Virome refers to the collection of nucleic acids, both RNA and DNA, that make up the viral community associated with a particular ecosystem or holobiont. The word is derived from virus and genome and first used by Forest Rohwer and colleagues to describe viral shotgun metagenomes. All macro-organisms have viromes that include bacteriophage and viruses. Viromes are important in the nutrient and energy cycling, development of immunity, and a major source of genes through lysogenic conversion.
History
Viromes were the first examples of shotgun community sequence, which is now known as metagenomics. In the 2000s, the Rohwer lab sequenced viromes from seawater, marine sediments, adult human stool, infant human stool, soil, and blood. This group also performed the first RNA virome with collaborators from the Genomic Institute of Singapore.
From these early works, it was concluded that most of the genomic
diversity is contained in the global virome and that most of this
diversity remains uncharacterized. This view was supported by individual genomic sequencing project, particularly the mycobacterium phage.
Methods of study
In
order to study the virome, virus-like particles are separated from
cellular components, usually using a combination of filtration, density
centrifugation, and enzymatic treatments to get rid of free nucleic
acids. The nucleic acids are then sequenced and analyzed using metagenomic
methods. Alternatively, there are recent computational methods that use
directly metagenomic assembled sequences to discover viruses.
The Global Ocean Viromes (GOV) is a dataset consisting of deep sequencing from over 150 samples collected across the world's oceans in two survey periods by an international team.
Virus hosts
Viruses are the most abundant biological entities on Earth, but
challenges in detecting, isolating, and classifying unknown viruses have
prevented exhaustive surveys of the global virome. Over 5 Tb of metagenomic
sequence data were used from 3,042 geographically diverse samples to
assess the global distribution, phylogenetic diversity, and host
specificity of viruses.
In August 2016, over 125,000 partial DNA viral genomes, including the
largest phage yet identified, increased the number of known viral genes
by 16-fold. A suite of computational methods was used to identify putative host virus connections. The isolate viral host information was projected onto a group, resulting in host assignments for 2.4% of viral groups.
Then the CRISPR–Cas
prokaryotic immune system which holds a "library" of genome fragments
from phages (proto-spacers) that have previously infected the host.

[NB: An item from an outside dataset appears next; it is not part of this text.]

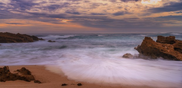 A seascape single image. I waited for the receding wave to occur before pressing the shutter to leave a nice trail. The tricky part was getting the right shutter speed, to allow some texture in the waves.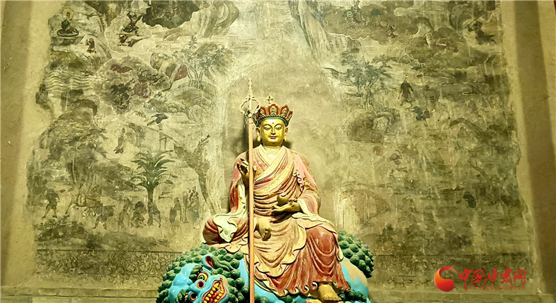 這幅壁畫繪于大佛殿內(nèi)大佛身后墻壁,色彩雖已斑駁,卻仍難掩其藝術(shù)價值,是大佛殿內(nèi)時代較早、藝術(shù)水準極高的作品。它距地面高1.55米,上下兩端用墨線勾出邊欄,邊欄內(nèi)繪纏枝牡丹點綴;《西游記》故事圖居于正中,殘長約4.4米,殘高約2.9米,面積約12.7平方米,壁畫前今塑有地藏王菩薩像一尊。壁畫由“取水子母河”“道昧放心猿”“大戰(zhàn)紅孩兒”等多個獨立故事組成,畫面里險山怪石、古木溪水、云霧火海錯落交織,而師徒四人的分工設(shè)定始終清晰:豬八戒挑行李、沙僧牽馬、孫悟空持金箍棒護送,這份“固定分工”讓豬八戒的勤勞形象貫穿全程。

Spacers from isolate microbial genomes with matches to metagenomic viral contigs (mVCs) were identified for 4.4% of the viral groups and 1.7% of singletons. The hypothesis was explored that viral transfer RNA (tRNA) genes originate from their host.
Viral tRNAs identified in 7.6% of the mVCs were matched to isolate genomes from a single species or genus.
The specificity of tRNA-based host viral assignment was confirmed by
CRISPR–Cas spacer matches showing a 94% agreement at the genus level.
These approaches identified 9,992 putative host–virus associations
enabling host assignment to 7.7% of mVCs.
The majority of these connections were previously unknown, and include
hosts from 16 prokaryotic phyla for which no viruses have previously
been identified.
Many viruses specialize in infecting related hosts. Viral generalists that infect hosts across taxonomic orders may exist. Most CRISPR spacer matches were from viral sequences to hosts within one species or genus.
Some mVCs were linked to multiple hosts from higher taxa. A viral
group composed of macs from human oral samples contained three distinct
photo-spacers with nearly exact matches to spacers in Actionbacteria and Firmicutes.
In January 2017, the IMG/VR system -- the largest interactive public virus database contained 265,000
metagenomic viral sequences and isolate viruses. This number scaled up
to over 760,000 in November 2018 (IMG/VR v.2.0). The IMG/VR systems serve as a starting point for the sequence analysis of viral fragments derived from metagenomic samples.